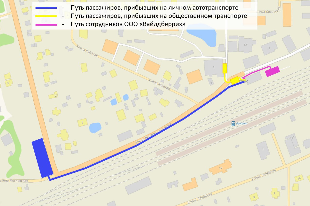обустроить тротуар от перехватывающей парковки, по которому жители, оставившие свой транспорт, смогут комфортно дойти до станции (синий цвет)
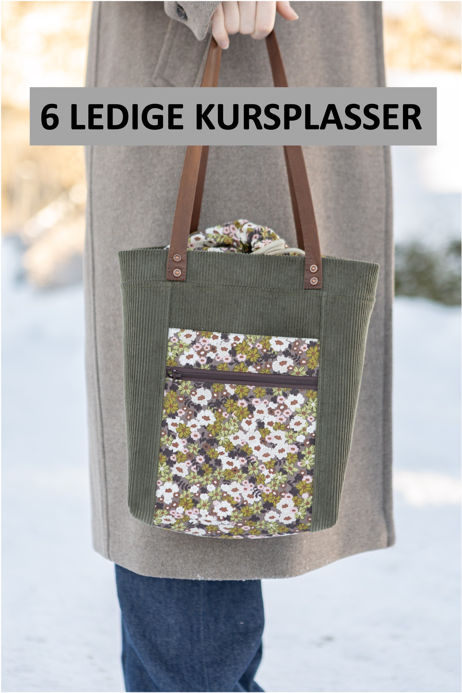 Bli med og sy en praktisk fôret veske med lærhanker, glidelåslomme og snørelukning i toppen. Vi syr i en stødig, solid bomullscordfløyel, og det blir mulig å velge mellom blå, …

= = = = =

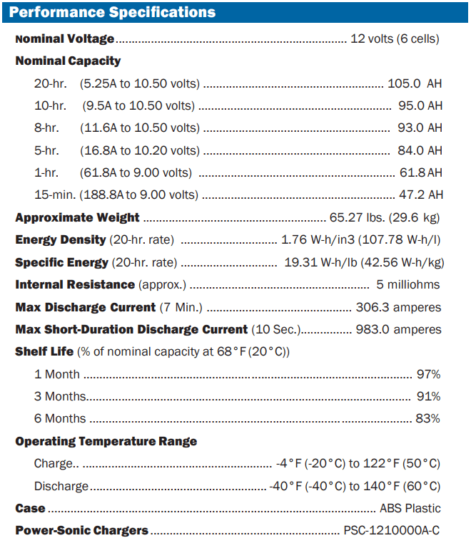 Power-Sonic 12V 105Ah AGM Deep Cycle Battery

= = = = =

_Assignment_
The lines above from the line with "обустроить тротуар от" through the line with "Bli med og sy" are to be given again word for word, with no pictures among them.

_Completed exercise_
обустроить тротуар от перехватывающей парковки, по которому жители, оставившие свой транспорт, смогут комфортно дойти до станции (синий цвет)
 Bli med og sy en praktisk fôret veske med lærhanker, glidelåslomme og snørelukning i toppen. Vi syr i en stødig, solid bomullscordfløyel, og det blir mulig å velge mellom blå, …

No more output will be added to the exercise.